WORK TO COMPLETE:
With the images removed, reproduce each entry below word for word.

RECORDS FOR PROCESSING:
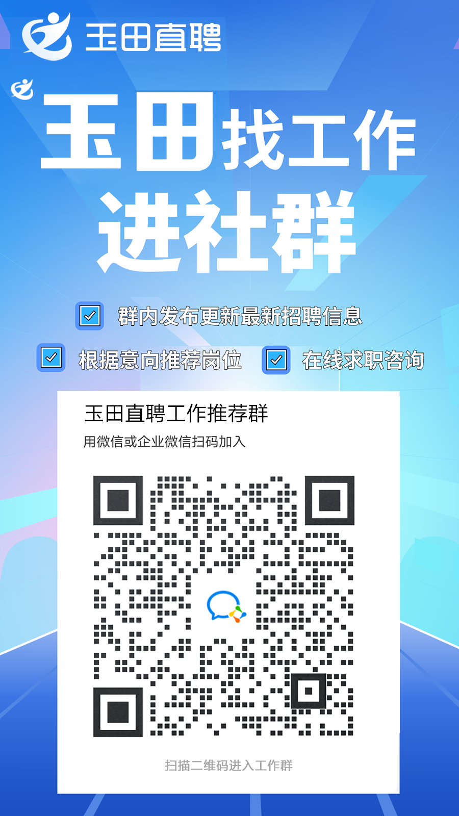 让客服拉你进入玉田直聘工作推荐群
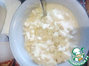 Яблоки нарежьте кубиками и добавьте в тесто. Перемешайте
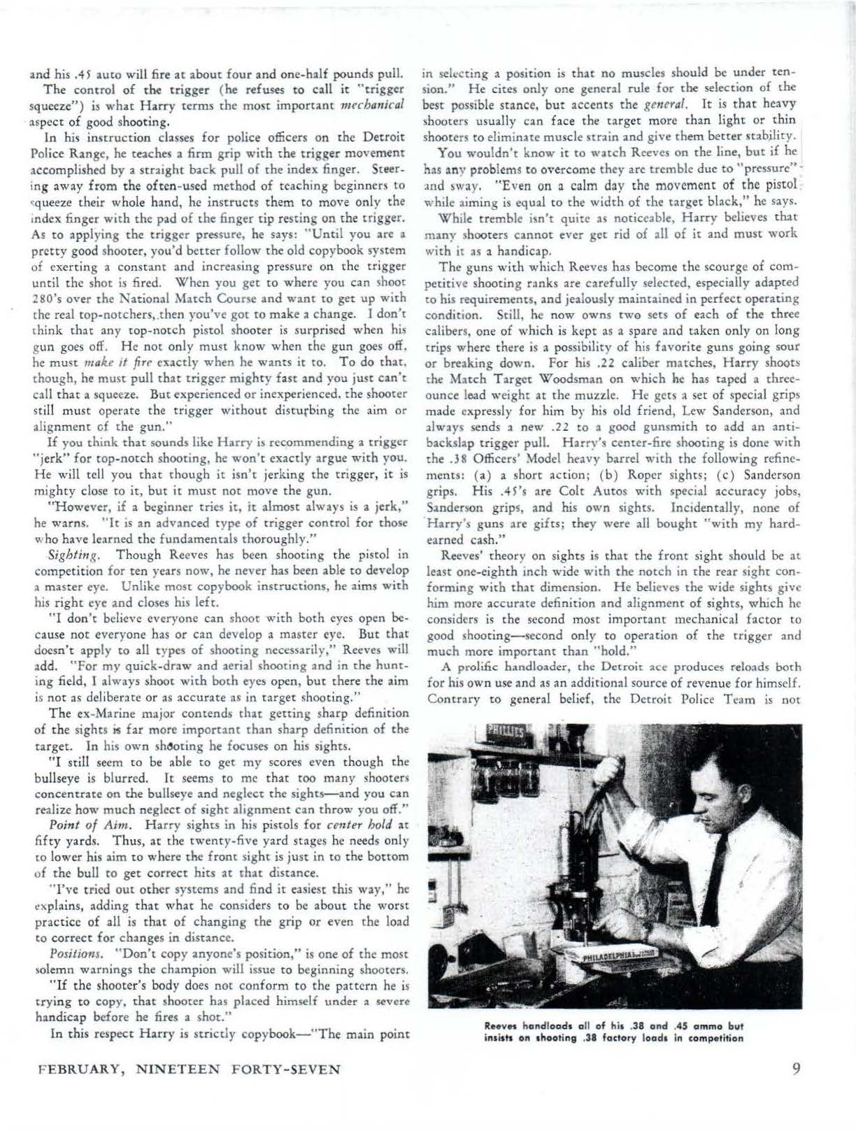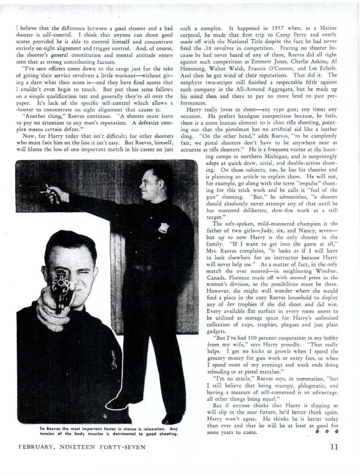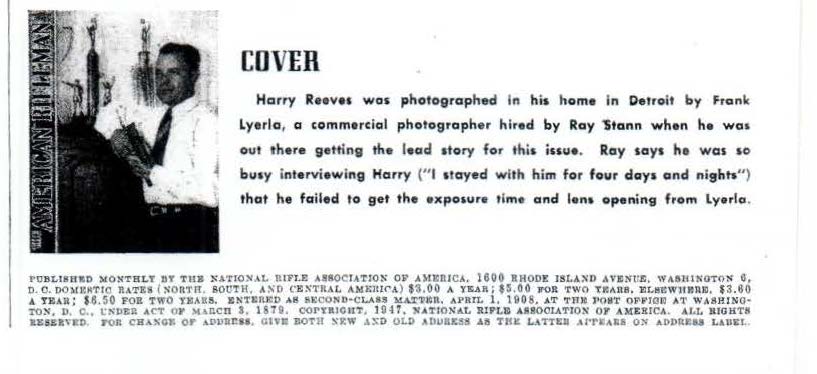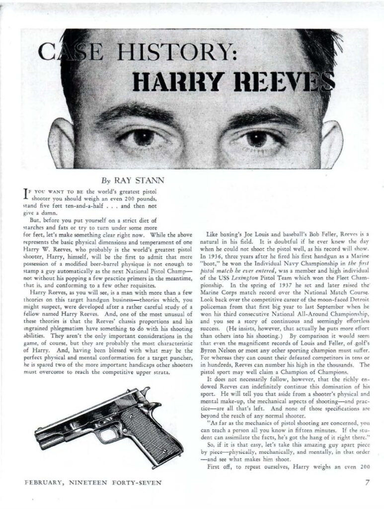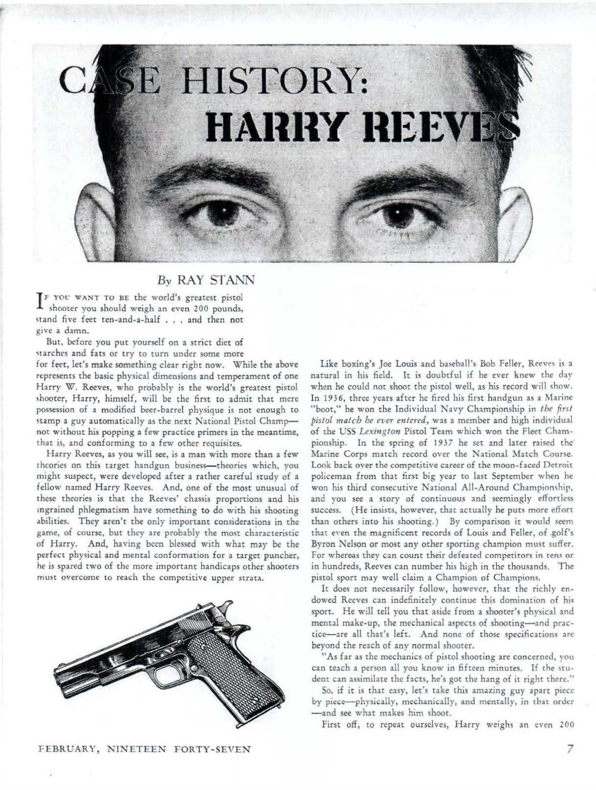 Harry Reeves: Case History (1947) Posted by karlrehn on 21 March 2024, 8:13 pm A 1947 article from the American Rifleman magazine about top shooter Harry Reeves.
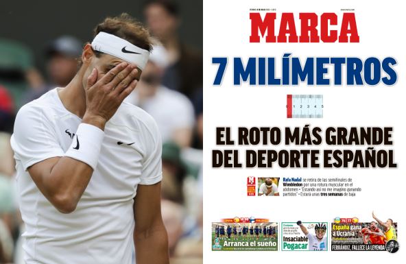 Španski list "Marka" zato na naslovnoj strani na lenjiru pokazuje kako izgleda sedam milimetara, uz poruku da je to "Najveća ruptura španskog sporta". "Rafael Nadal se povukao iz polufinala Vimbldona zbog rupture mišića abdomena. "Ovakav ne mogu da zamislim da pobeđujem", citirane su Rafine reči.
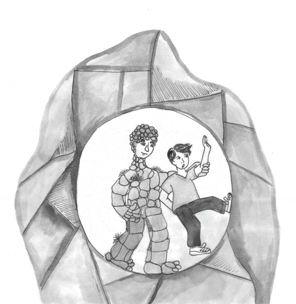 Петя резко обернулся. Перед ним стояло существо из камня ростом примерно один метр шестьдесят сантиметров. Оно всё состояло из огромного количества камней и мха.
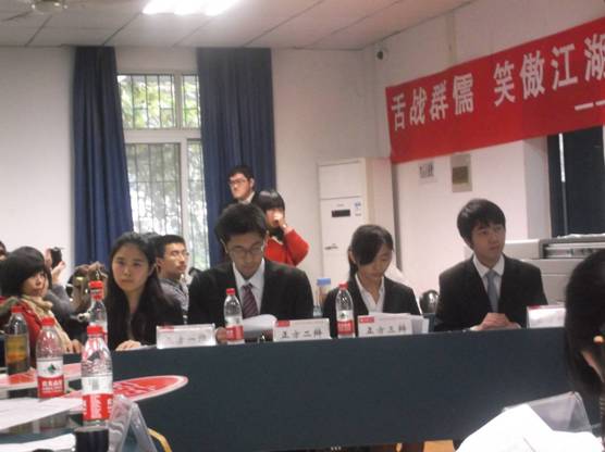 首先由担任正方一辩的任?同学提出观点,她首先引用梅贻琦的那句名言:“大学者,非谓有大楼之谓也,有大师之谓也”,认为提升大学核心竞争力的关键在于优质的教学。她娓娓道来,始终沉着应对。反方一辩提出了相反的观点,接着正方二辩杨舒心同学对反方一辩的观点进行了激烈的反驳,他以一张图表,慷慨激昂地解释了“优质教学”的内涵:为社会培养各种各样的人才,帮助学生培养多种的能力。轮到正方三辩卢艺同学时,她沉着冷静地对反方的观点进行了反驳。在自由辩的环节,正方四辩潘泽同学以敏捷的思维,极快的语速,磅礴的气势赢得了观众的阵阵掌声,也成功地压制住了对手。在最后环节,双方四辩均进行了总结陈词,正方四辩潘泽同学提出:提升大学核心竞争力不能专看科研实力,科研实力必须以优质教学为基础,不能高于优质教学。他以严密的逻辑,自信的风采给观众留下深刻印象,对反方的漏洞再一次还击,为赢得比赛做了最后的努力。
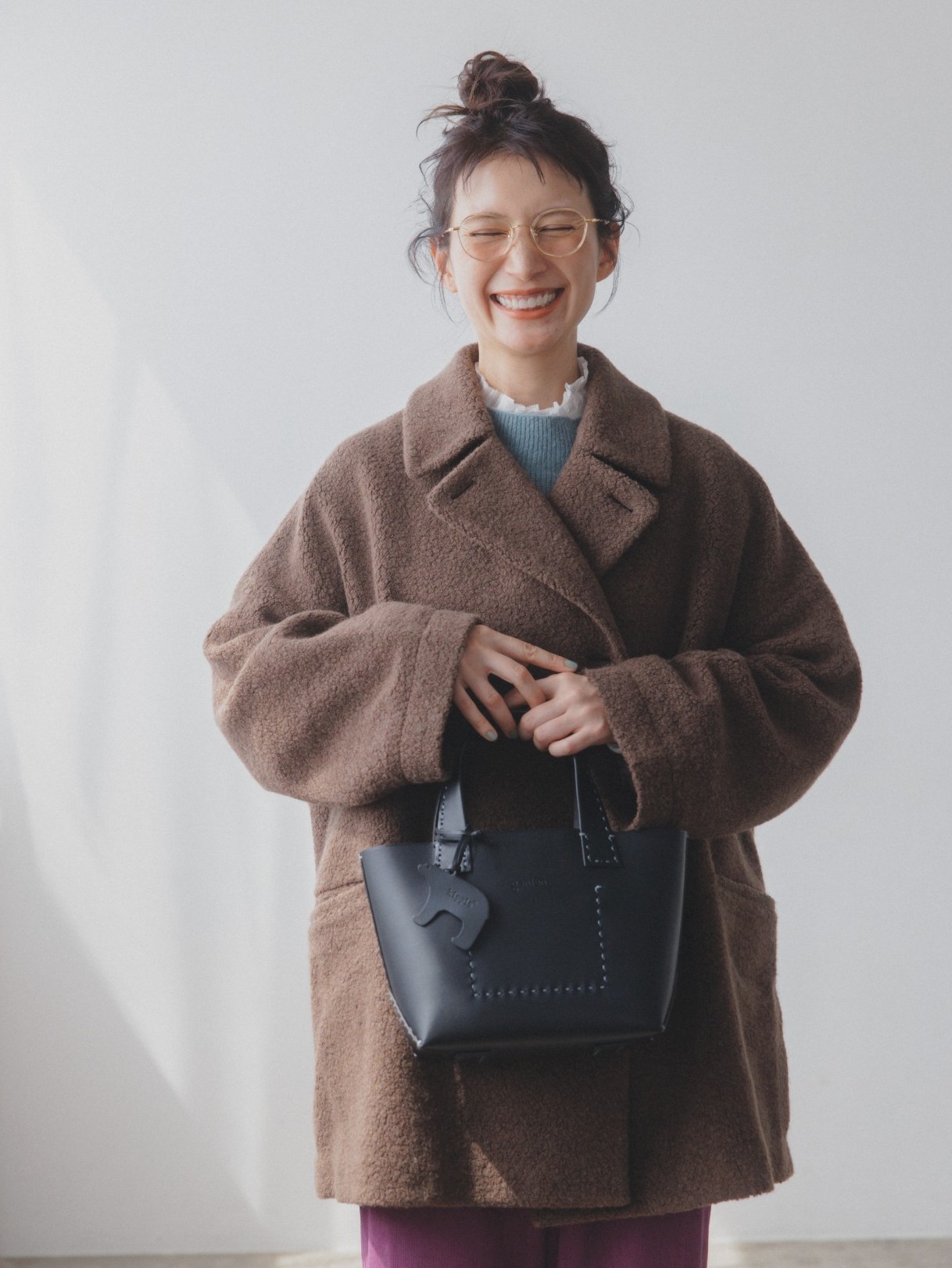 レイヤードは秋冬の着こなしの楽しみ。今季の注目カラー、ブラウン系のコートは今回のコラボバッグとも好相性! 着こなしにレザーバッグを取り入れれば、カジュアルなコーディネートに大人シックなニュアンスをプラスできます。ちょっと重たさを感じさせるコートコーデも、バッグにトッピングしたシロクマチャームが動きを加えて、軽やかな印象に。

RESPONSE:
 让客服拉你进入玉田直聘工作推荐群
 Яблоки нарежьте кубиками и добавьте в тесто. Перемешайте
 Harry Reeves: Case History (1947) Posted by karlrehn on 21 March 2024, 8:13 pm A 1947 article from the American Rifleman magazine about top shooter Harry Reeves.
 Španski list "Marka" zato na naslovnoj strani na lenjiru pokazuje kako izgleda sedam milimetara, uz poruku da je to "Najveća ruptura španskog sporta". "Rafael Nadal se povukao iz polufinala Vimbldona zbog rupture mišića abdomena. "Ovakav ne mogu da zamislim da pobeđujem", citirane su Rafine reči.
 Петя резко обернулся. Перед ним стояло существо из камня ростом примерно один метр шестьдесят сантиметров. Оно всё состояло из огромного количества камней и мха.
 首先由担任正方一辩的任?同学提出观点,她首先引用梅贻琦的那句名言:“大学者,非谓有大楼之谓也,有大师之谓也”,认为提升大学核心竞争力的关键在于优质的教学。她娓娓道来,始终沉着应对。反方一辩提出了相反的观点,接着正方二辩杨舒心同学对反方一辩的观点进行了激烈的反驳,他以一张图表,慷慨激昂地解释了“优质教学”的内涵:为社会培养各种各样的人才,帮助学生培养多种的能力。轮到正方三辩卢艺同学时,她沉着冷静地对反方的观点进行了反驳。在自由辩的环节,正方四辩潘泽同学以敏捷的思维,极快的语速,磅礴的气势赢得了观众的阵阵掌声,也成功地压制住了对手。在最后环节,双方四辩均进行了总结陈词,正方四辩潘泽同学提出:提升大学核心竞争力不能专看科研实力,科研实力必须以优质教学为基础,不能高于优质教学。他以严密的逻辑,自信的风采给观众留下深刻印象,对反方的漏洞再一次还击,为赢得比赛做了最后的努力。
 レイヤードは秋冬の着こなしの楽しみ。今季の注目カラー、ブラウン系のコートは今回のコラボバッグとも好相性! 着こなしにレザーバッグを取り入れれば、カジュアルなコーディネートに大人シックなニュアンスをプラスできます。ちょっと重たさを感じさせるコートコーデも、バッグにトッピングしたシロクマチャームが動きを加えて、軽やかな印象に。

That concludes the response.